▸ **PROVIDED DATA**
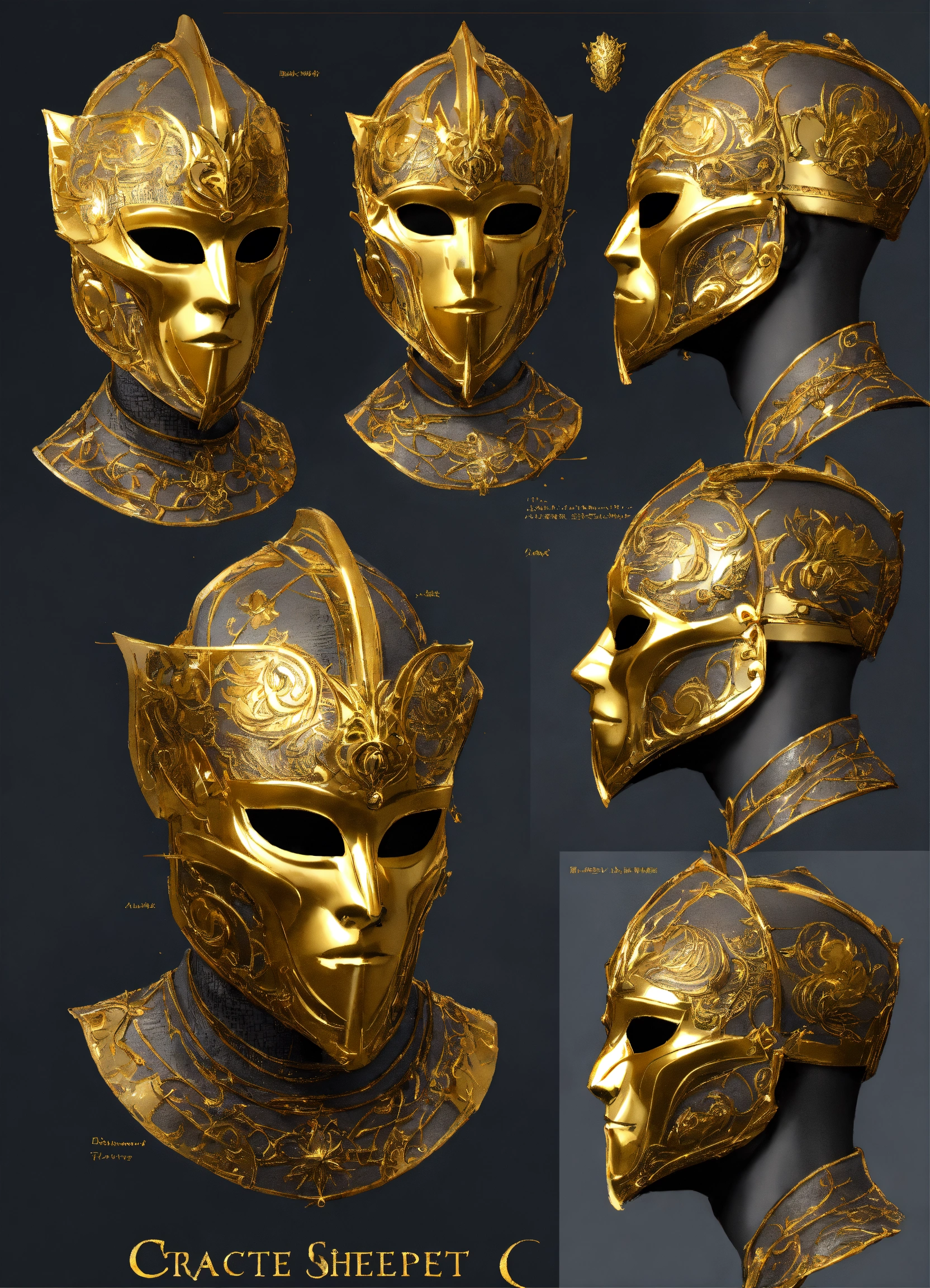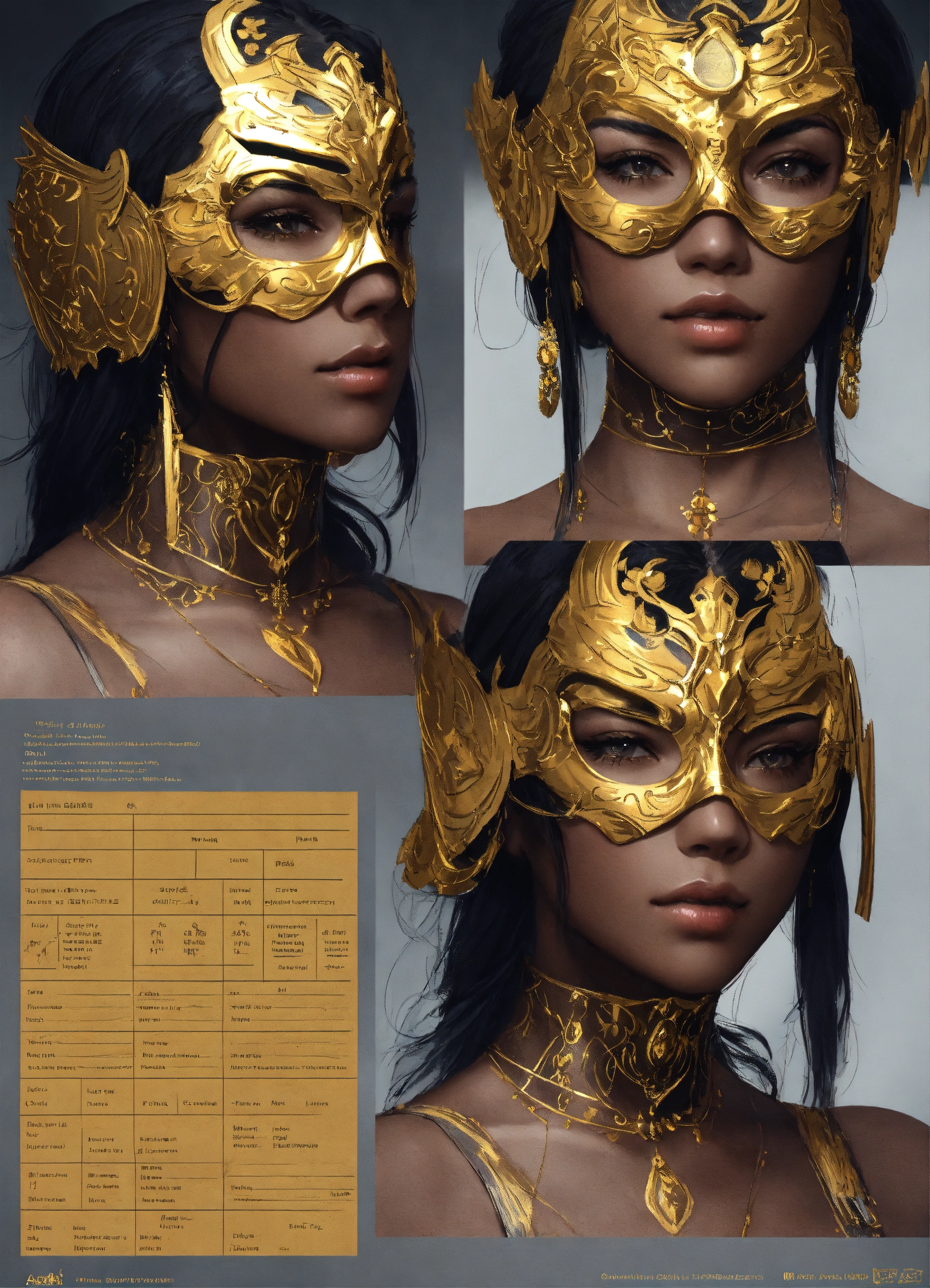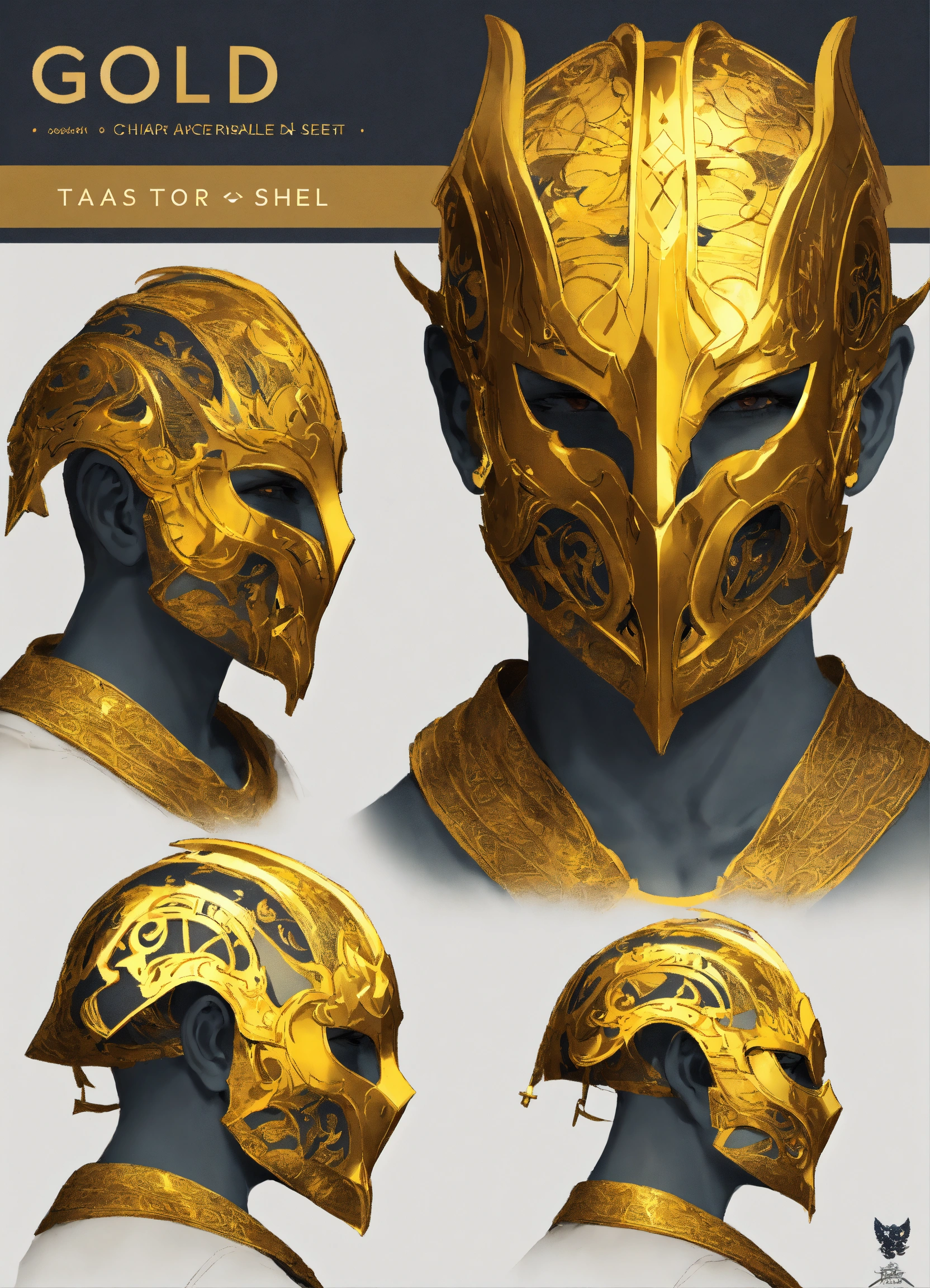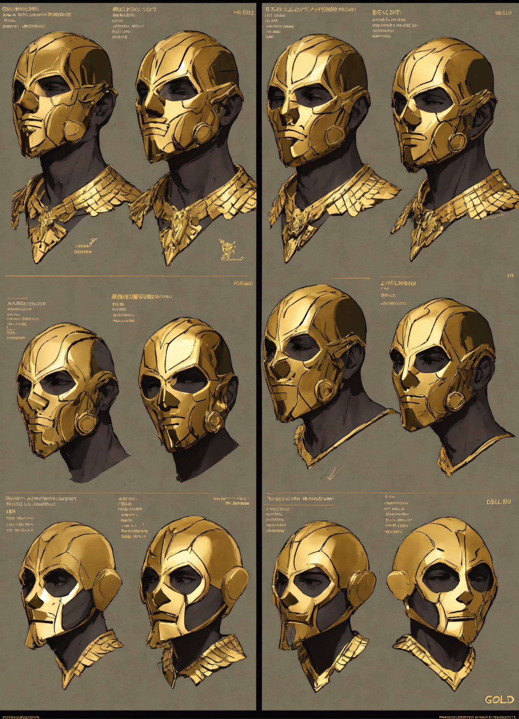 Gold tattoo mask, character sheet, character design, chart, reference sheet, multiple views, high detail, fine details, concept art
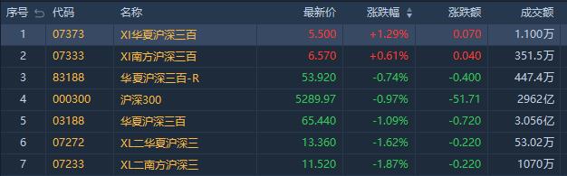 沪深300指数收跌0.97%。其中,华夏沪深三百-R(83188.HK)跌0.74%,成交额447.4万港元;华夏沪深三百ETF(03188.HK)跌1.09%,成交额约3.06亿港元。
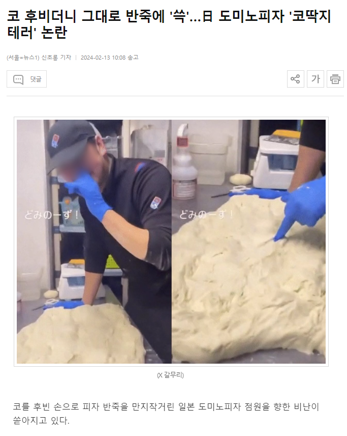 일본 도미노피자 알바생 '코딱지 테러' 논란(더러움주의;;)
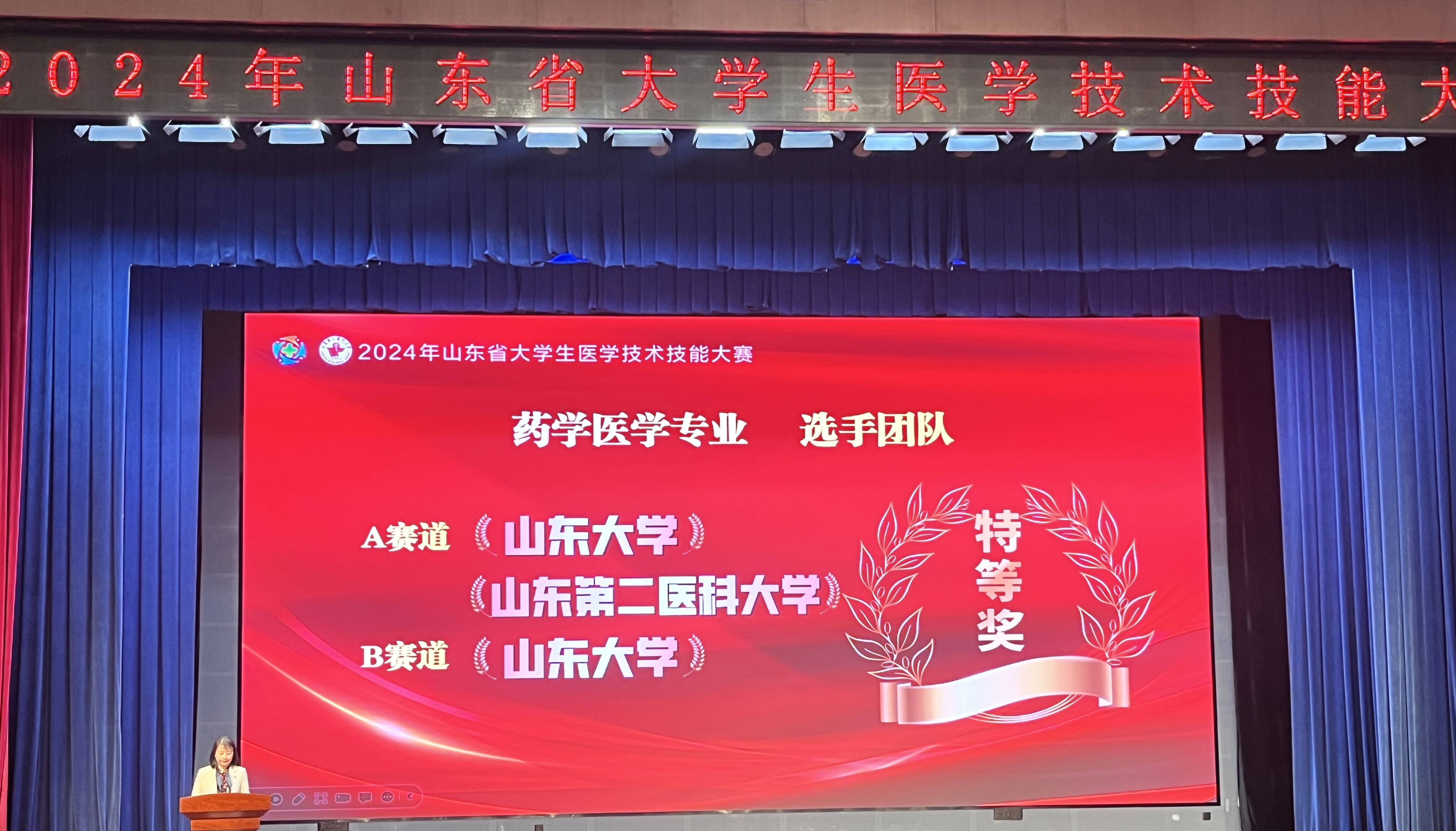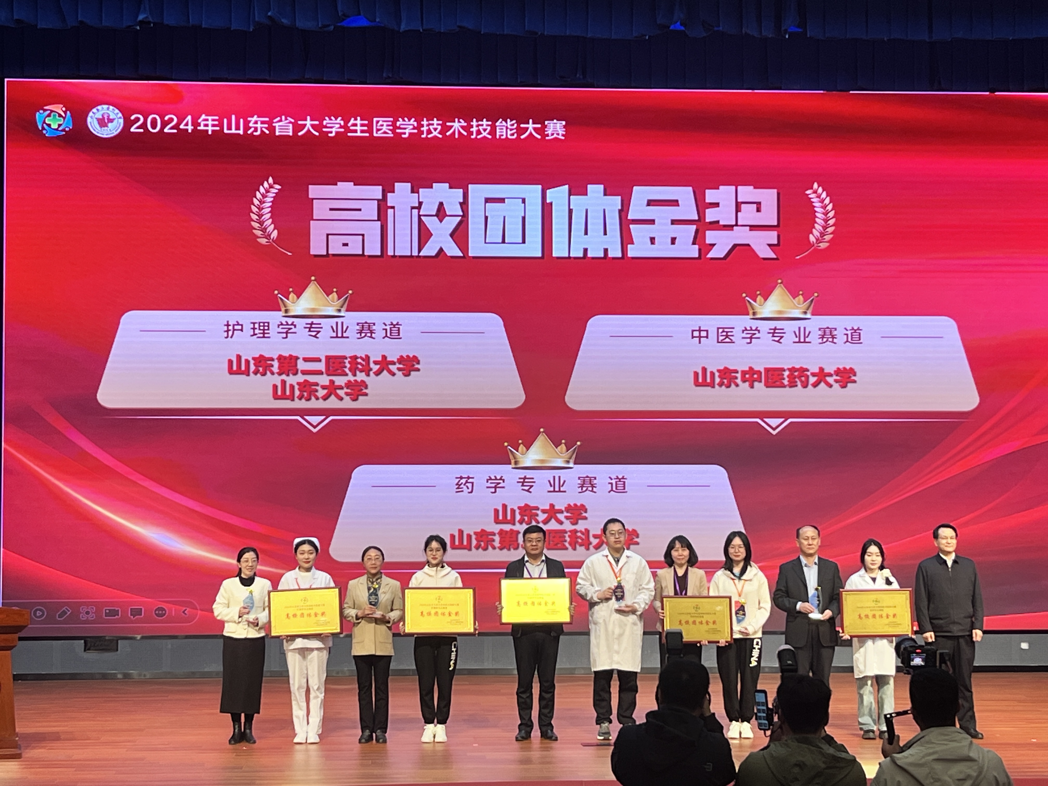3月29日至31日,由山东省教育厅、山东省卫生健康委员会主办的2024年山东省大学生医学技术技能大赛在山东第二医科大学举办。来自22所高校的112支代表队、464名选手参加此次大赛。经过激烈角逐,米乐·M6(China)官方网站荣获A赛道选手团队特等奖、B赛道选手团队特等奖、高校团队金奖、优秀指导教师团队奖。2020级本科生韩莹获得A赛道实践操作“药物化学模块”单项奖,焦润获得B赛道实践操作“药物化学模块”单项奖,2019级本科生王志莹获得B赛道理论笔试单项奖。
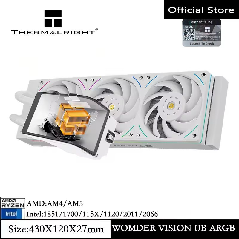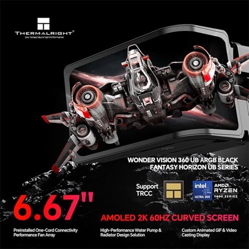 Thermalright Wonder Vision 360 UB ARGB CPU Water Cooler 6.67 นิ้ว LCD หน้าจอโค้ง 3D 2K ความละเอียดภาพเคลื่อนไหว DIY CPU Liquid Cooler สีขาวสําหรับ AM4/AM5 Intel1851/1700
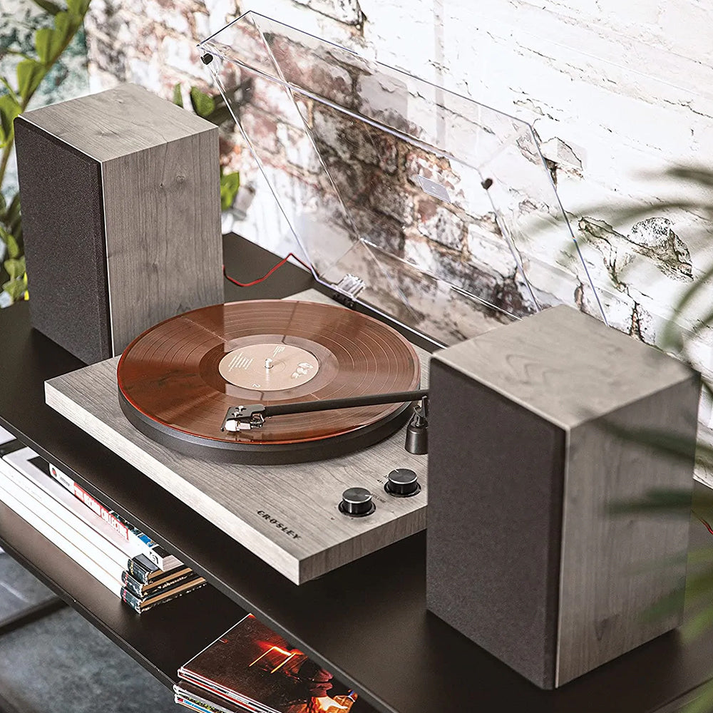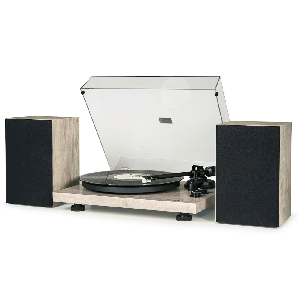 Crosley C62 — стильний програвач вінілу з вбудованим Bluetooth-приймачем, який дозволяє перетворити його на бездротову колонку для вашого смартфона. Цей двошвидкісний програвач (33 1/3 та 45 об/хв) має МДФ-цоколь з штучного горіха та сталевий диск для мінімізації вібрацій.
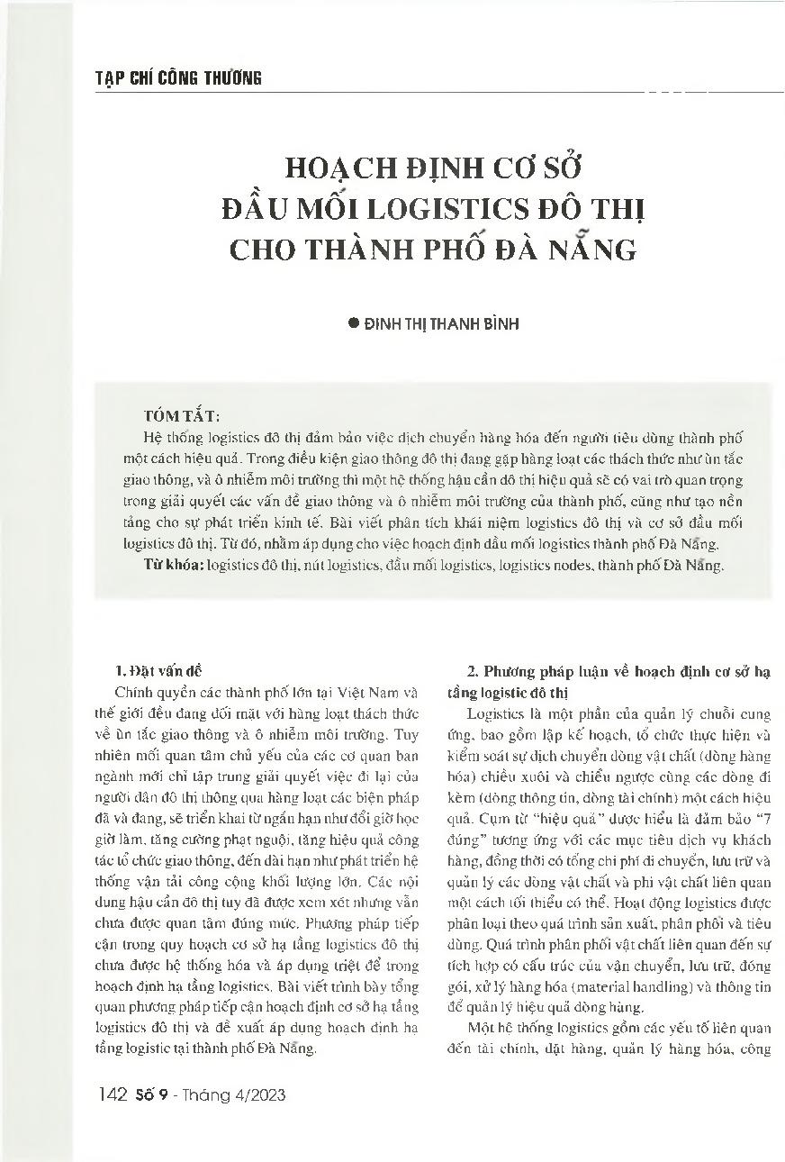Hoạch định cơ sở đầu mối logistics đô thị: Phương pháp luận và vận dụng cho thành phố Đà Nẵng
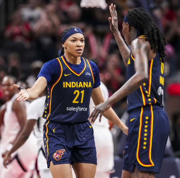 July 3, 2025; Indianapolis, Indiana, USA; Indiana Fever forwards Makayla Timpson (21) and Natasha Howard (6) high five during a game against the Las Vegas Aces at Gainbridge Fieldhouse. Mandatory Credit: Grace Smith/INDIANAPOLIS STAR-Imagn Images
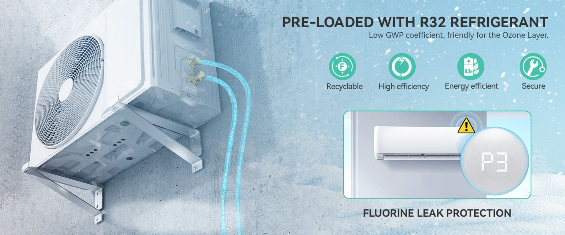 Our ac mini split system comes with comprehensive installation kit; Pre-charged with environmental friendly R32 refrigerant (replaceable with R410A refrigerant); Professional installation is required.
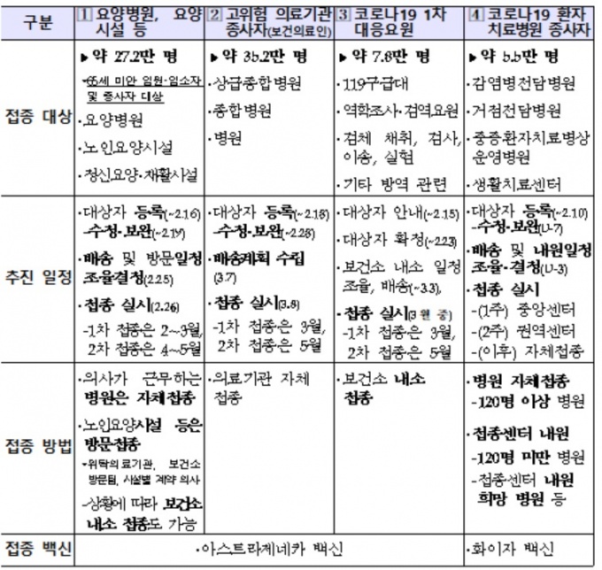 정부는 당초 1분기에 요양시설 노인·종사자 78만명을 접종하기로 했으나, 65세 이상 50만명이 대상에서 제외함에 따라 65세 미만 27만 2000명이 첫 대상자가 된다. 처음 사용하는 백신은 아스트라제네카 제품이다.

▸ **AIM OF THE TASK**
Retype the listing exactly. Skip every picture.

▸ **EXERCISE ANSWER**
 Gold tattoo mask, character sheet, character design, chart, reference sheet, multiple views, high detail, fine details, concept art
 沪深300指数收跌0.97%。其中,华夏沪深三百-R(83188.HK)跌0.74%,成交额447.4万港元;华夏沪深三百ETF(03188.HK)跌1.09%,成交额约3.06亿港元。
 일본 도미노피자 알바생 '코딱지 테러' 논란(더러움주의;;)
3月29日至31日,由山东省教育厅、山东省卫生健康委员会主办的2024年山东省大学生医学技术技能大赛在山东第二医科大学举办。来自22所高校的112支代表队、464名选手参加此次大赛。经过激烈角逐,米乐·M6(China)官方网站荣获A赛道选手团队特等奖、B赛道选手团队特等奖、高校团队金奖、优秀指导教师团队奖。2020级本科生韩莹获得A赛道实践操作“药物化学模块”单项奖,焦润获得B赛道实践操作“药物化学模块”单项奖,2019级本科生王志莹获得B赛道理论笔试单项奖。
 Thermalright Wonder Vision 360 UB ARGB CPU Water Cooler 6.67 นิ้ว LCD หน้าจอโค้ง 3D 2K ความละเอียดภาพเคลื่อนไหว DIY CPU Liquid Cooler สีขาวสําหรับ AM4/AM5 Intel1851/1700
 Crosley C62 — стильний програвач вінілу з вбудованим Bluetooth-приймачем, який дозволяє перетворити його на бездротову колонку для вашого смартфона. Цей двошвидкісний програвач (33 1/3 та 45 об/хв) має МДФ-цоколь з штучного горіха та сталевий диск для мінімізації вібрацій.
Hoạch định cơ sở đầu mối logistics đô thị: Phương pháp luận và vận dụng cho thành phố Đà Nẵng
 July 3, 2025; Indianapolis, Indiana, USA; Indiana Fever forwards Makayla Timpson (21) and Natasha Howard (6) high five during a game against the Las Vegas Aces at Gainbridge Fieldhouse. Mandatory Credit: Grace Smith/INDIANAPOLIS STAR-Imagn Images
 Our ac mini split system comes with comprehensive installation kit; Pre-charged with environmental friendly R32 refrigerant (replaceable with R410A refrigerant); Professional installation is required.
 정부는 당초 1분기에 요양시설 노인·종사자 78만명을 접종하기로 했으나, 65세 이상 50만명이 대상에서 제외함에 따라 65세 미만 27만 2000명이 첫 대상자가 된다. 처음 사용하는 백신은 아스트라제네카 제품이다.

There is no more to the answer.